▸ **Task statement**:
Please transcribe the data exactly as shown, skipping the images.

▸ **Input data**:
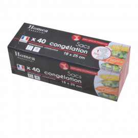 Description Lot de 40 Sacs de Congélation "Liens" 1L Transparent Ne passez pas à côté de ce Lot de 40 Sacs de Congélation "Liens" 1L Transparent qui deviendra rapidement un élément incontournable de votre cuisine ! Avec ses liens de fermeture inclus, vous pourrez le placer au réfrigérateur ou au congélateur pour protéger vos denrées alimentaires de l'humidité et des moisissures. Caractéristiques : Dimensions : L. 18 x l. 25 cm Matière : Polyéthylène Spécificités : Pratique & Hermétique Lot de 40 Sacs de Congélation Forme Rectangulaire Avec Liens de Fermeture Passage au Réfrigérateur & au Congélateur Conservation jusqu'à -25°C Contenance : 1 L Fabriqué en France Coloris : Transparent *Prix moyen constaté sur des sites concurrents ou prix conseillé par le fournisseur. Fiche technique Dimensi
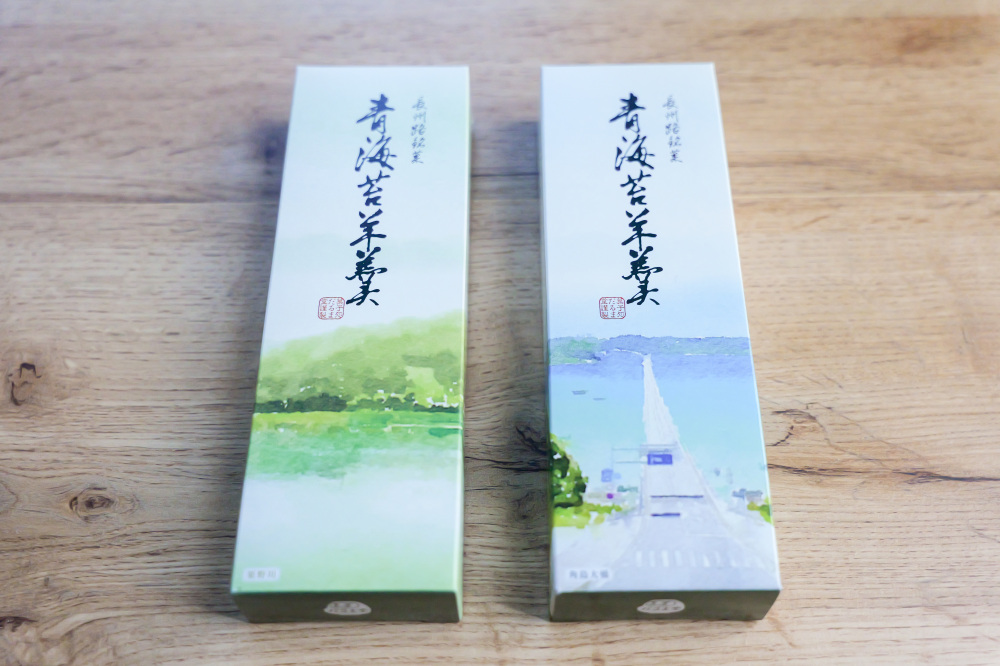 パッケージは2種類あり、鮮やかな水色が目を引く角島大橋のデザインも。今回の羊羹の賞味期限は購入日から約170日後となっており、日持ちが長いため贈り物にもぴったりです。
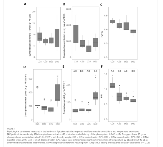研究海水升溫和溶解無機營養(DINut)缺乏對兩種珊瑚(軟珊瑚Heteroxenia fuscescens和石珊瑚Stylophora pistillata)生理和能量代謝的影響。發現:
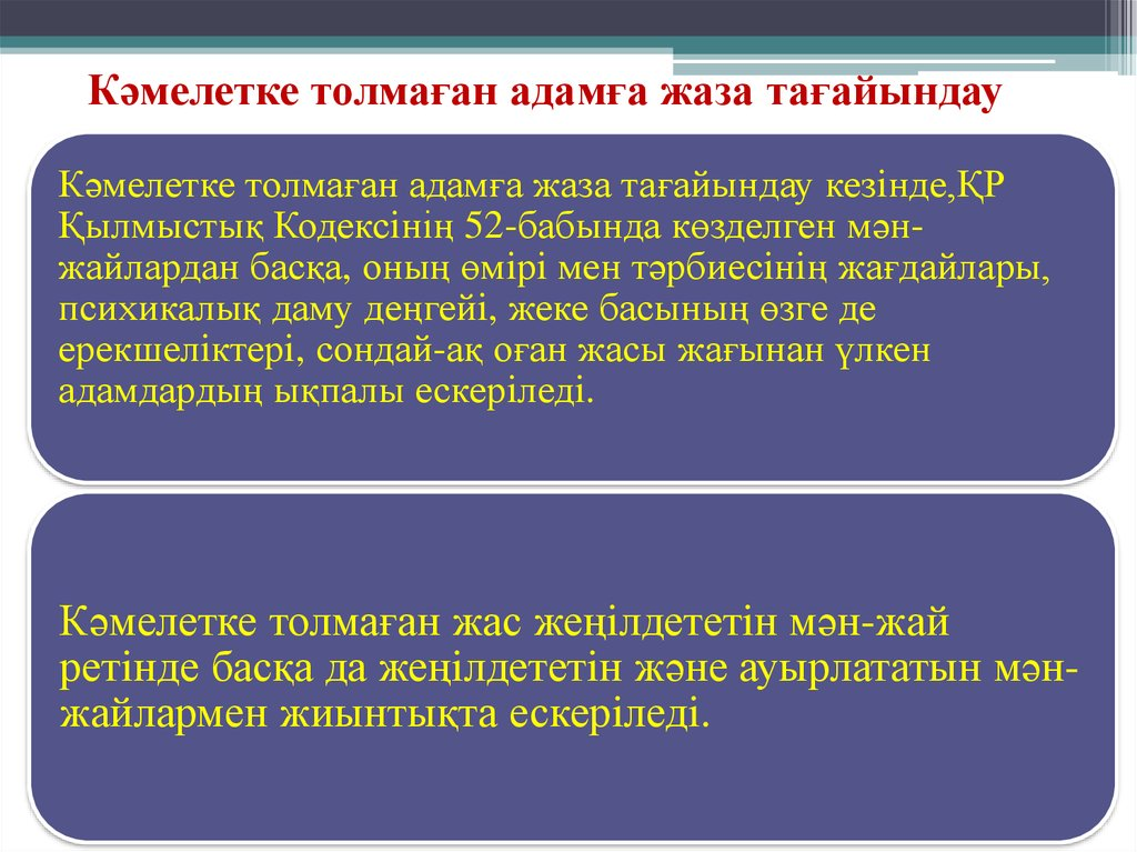 Тәртіптік жауапкершілік дегеніміз – Еңбек міндеттерін бұзу, яғни Еңбек заңнамасын бұзу, мысалы: жұмысқа кешігіп келу, себепсіз сабаққа келмеу. Азаматтық-құқықтық жауапкершілік мүліктік қатынастарды реттейді. Құқық бұзушыға жаза: зиянды өтеу, залалды төлеу. Презентация: кәмелетке толмағандар үшін құқық бұзушылық пен жаза түрлері (кәмелетке толмағандар құқық бұзушылық жасаған кезде, құқық бұзушылық субъектілері, ең алдымен, оның ата-анасы. Әкімшілік жауапкершілік 16 жастан бастап, ерекше жағдайларда (ҚР ӘҚБтК-нің 435-бабы бойынша ұсақ бұзақылық жасағаны үшін – 14 жастан басталады. Қылмыстық жауапкершілік 16 жастан, ауыр және аса ауыр түрлерді жасағаны үшін – 14 жастан басталады). Топтық талқылау: құқықтық мәселелерден қалай аулақ болуға болады (заңдарды білу, ата-аналармен қарым-қатынас жасау, ережелер мен нұсқауларды сақтау, заңсыз әрекеттерден аулақ болу, келісімдер мен рұқсаттар алу, көмек сұрау)?

▸ **Written solution**:
 Description Lot de 40 Sacs de Congélation "Liens" 1L Transparent Ne passez pas à côté de ce Lot de 40 Sacs de Congélation "Liens" 1L Transparent qui deviendra rapidement un élément incontournable de votre cuisine ! Avec ses liens de fermeture inclus, vous pourrez le placer au réfrigérateur ou au congélateur pour protéger vos denrées alimentaires de l'humidité et des moisissures. Caractéristiques : Dimensions : L. 18 x l. 25 cm Matière : Polyéthylène Spécificités : Pratique & Hermétique Lot de 40 Sacs de Congélation Forme Rectangulaire Avec Liens de Fermeture Passage au Réfrigérateur & au Congélateur Conservation jusqu'à -25°C Contenance : 1 L Fabriqué en France Coloris : Transparent *Prix moyen constaté sur des sites concurrents ou prix conseillé par le fournisseur. Fiche technique Dimensi
 パッケージは2種類あり、鮮やかな水色が目を引く角島大橋のデザインも。今回の羊羹の賞味期限は購入日から約170日後となっており、日持ちが長いため贈り物にもぴったりです。
研究海水升溫和溶解無機營養(DINut)缺乏對兩種珊瑚(軟珊瑚Heteroxenia fuscescens和石珊瑚Stylophora pistillata)生理和能量代謝的影響。發現:
 Тәртіптік жауапкершілік дегеніміз – Еңбек міндеттерін бұзу, яғни Еңбек заңнамасын бұзу, мысалы: жұмысқа кешігіп келу, себепсіз сабаққа келмеу. Азаматтық-құқықтық жауапкершілік мүліктік қатынастарды реттейді. Құқық бұзушыға жаза: зиянды өтеу, залалды төлеу. Презентация: кәмелетке толмағандар үшін құқық бұзушылық пен жаза түрлері (кәмелетке толмағандар құқық бұзушылық жасаған кезде, құқық бұзушылық субъектілері, ең алдымен, оның ата-анасы. Әкімшілік жауапкершілік 16 жастан бастап, ерекше жағдайларда (ҚР ӘҚБтК-нің 435-бабы бойынша ұсақ бұзақылық жасағаны үшін – 14 жастан басталады. Қылмыстық жауапкершілік 16 жастан, ауыр және аса ауыр түрлерді жасағаны үшін – 14 жастан басталады). Топтық талқылау: құқықтық мәселелерден қалай аулақ болуға болады (заңдарды білу, ата-аналармен қарым-қатынас жасау, ережелер мен нұсқауларды сақтау, заңсыз әрекеттерден аулақ болу, келісімдер мен рұқсаттар алу, көмек сұрау)?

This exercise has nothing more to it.